Studio secrets
We reveal who’s recording what and where...
Delphian Records has a busy January ahead, with recordings in Bristol, London and Tenerife. The Bristol Choral Society heads to St George’s to record works by Bob Chilcott, Judith Weir, Jonathan Dove and Celia Mcdowall, while in London the label makes its first recording with the Chapel Royal at St James’s Palace. In Tenerife, clarinettist Maximiliano Martin records concertos by Copland, Nielsen and Macmillan.
Composer Jonny Greenwood has launched his own contemporary classical label. Octatonic has already begun streaming its first releases, including Bach’s Partita No. 2 played by violinist Daniel Pioro. Greenwood’s own short works will also feature on Octatonic, with Water just released alongside Michael Gordon’s Industry.

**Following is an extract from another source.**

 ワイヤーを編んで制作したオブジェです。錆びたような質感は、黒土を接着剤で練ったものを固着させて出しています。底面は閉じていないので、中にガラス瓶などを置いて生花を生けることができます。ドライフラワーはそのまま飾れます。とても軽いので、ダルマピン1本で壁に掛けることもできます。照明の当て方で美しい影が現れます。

The DVD and Blu-ray release this month of a new feature documentary about the life and music of George Butterworth follows a short cinema run. The film, All My Life’s Buried Here, uses recently uncovered archive materials to illuminate Butterworth’s story and features newly recorded performances by baritone Roderick Williams.

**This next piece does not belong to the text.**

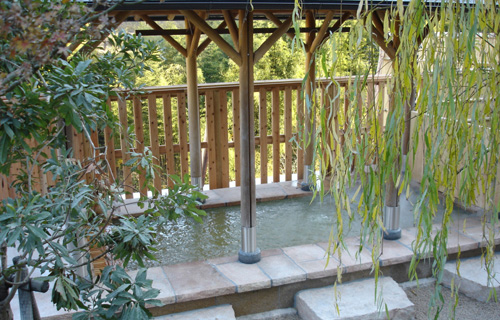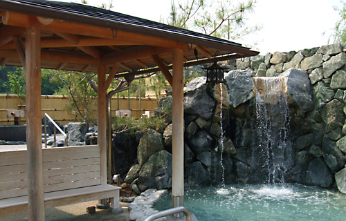 岩造り「幸の湯」は滝になっている。つぎはこっちかな。

Paul Lewis’s Beethoven recordings for Harmonia Mundi are released in a celebratory box set this month. It features Lewis’s takes on the complete piano sonatas and concertos (with Jiří Bělohlávek and the BBC Symphony Orchestra), plus the Diabelli Variations. The pianist will also release his first ever recording of the complete Bagatelles next summer.
More Beethoven piano concertos follow next autumn, this time from Jean-efflam Bavouzet. He records the five concertos for Chandos this month, directing the Swedish Chamber Orchestra from the keyboard.
Next year also sees further explorations of the Haydn sonatas from Bavouzet, plus his next album of Mozart concertos for the label coming in March.